- Official poster
- Directed by: Anvita Dutt
- Written by: Anvita Dutt
- Produced by: Anushka Sharma Karnesh Ssharma
- Starring: Tripti Dimri; Avinash Tiwary; Paoli Dam; Rahul Bose; Parambrata Chatterjee;
- Cinematography: Siddharth Diwan
- Edited by: Rameshwar S. Bhagat
- Music by: Amit Trivedi
- Production company: Clean Slate Filmz
- Distributed by: Netflix
- Release date: 24 June 2020;
- Running time: 94 minutes
- Country: India
- Language: Hindi

= Bulbbul =

2020 Indian film by Anvita Dutt

Bulbbul is a 2020 Indian Hindi-language period horror film written and directed by Anvita Dutt. It was produced by Anushka Sharma and Karnesh Ssharma under Clean Slate Filmz and starred Tripti Dimri in the lead role alongside Avinash Tiwary, Paoli Dam, Rahul Bose, and Parambrata Chattopadhyay. Tripti Dimri was praised in many reviews. Set against the backdrop of the 1880s Bengal presidency, the film revolves around a child bride and her journey from innocence to strength. Bulbbul was released on Netflix on 24 June 2020.

== Plot ==
During the 19th century in a village of Bengal Presidency, Bulbbul is married off to Indranil, a wealthy lord, when she is barely five years old. She is close with Satya, Indranil's youngest brother, who is closer to her age. Bulbbul and Satya grow up together, telling each other stories of a witch ("chudail").

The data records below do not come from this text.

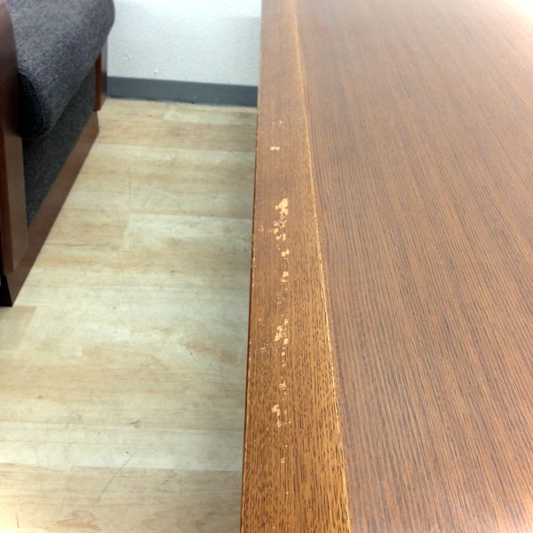 - あり黄ばみ・変色が広い範囲にうっすらある、または濃い黄ばみ・変色が一部ある。(例:三人用ソファ、二人用ソファ、一人用ソファの場合、背もたれ、肘かけ、座面等、 センターテーブルの場合、天板、脚にある。)
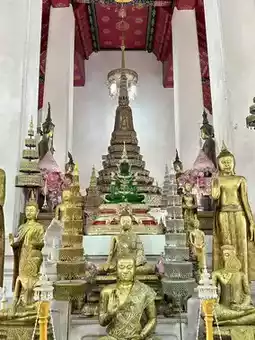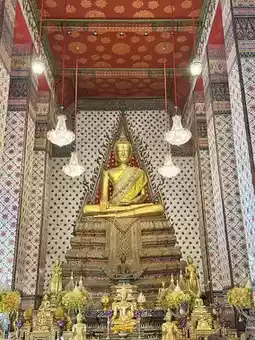 Upon arrival at Wat Arun, it is recommended to turn right and pay respects to the principal Buddha image in the ordination hall for blessings. Afterward, explore the iconic white prang of Wat Arun. A must-see highlight is the two small pavilions. In the first pavilion on the left, you’ll find a sacred relic of the Buddha. Paying respects here is believed to bring good fortune. Opposite the Buddha image in this pavilion is the royal bed of King Rama II (King Buddha Loetla Nabhalai). It is suggested to pass under the royal bed for blessings and good luck.
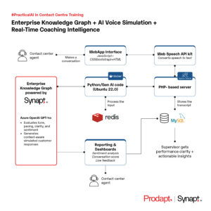 Prodapt developed an end-to-end, AI-powered voice simulation engine that lets agents practice real customer scenarios, receive instant feedback, and continuously improve—all through a lifelike AI customer.

Twenty years later, as Bulbbul and Satya have grown up, Satya returns home from London after spending 5 years over there. In the interim, Indranil's mentally-challenged twin brother Mahendra was killed in what is believed to be a chudail's attack. His widow Binodini now lives in an outhouse. Indranil has left the village and Bulbbul has taken over his responsibilities. The village doctor, Sudip, regularly visits to check Bulbbul's feet due to an incident she refuses to discuss. When another man is killed, Satya suspects Sudip. Meanwhile, Bulbbul is informed by a village boy that his mother has committed suicide after her husband chose his second wife over her; Bulbbul seeks out the man.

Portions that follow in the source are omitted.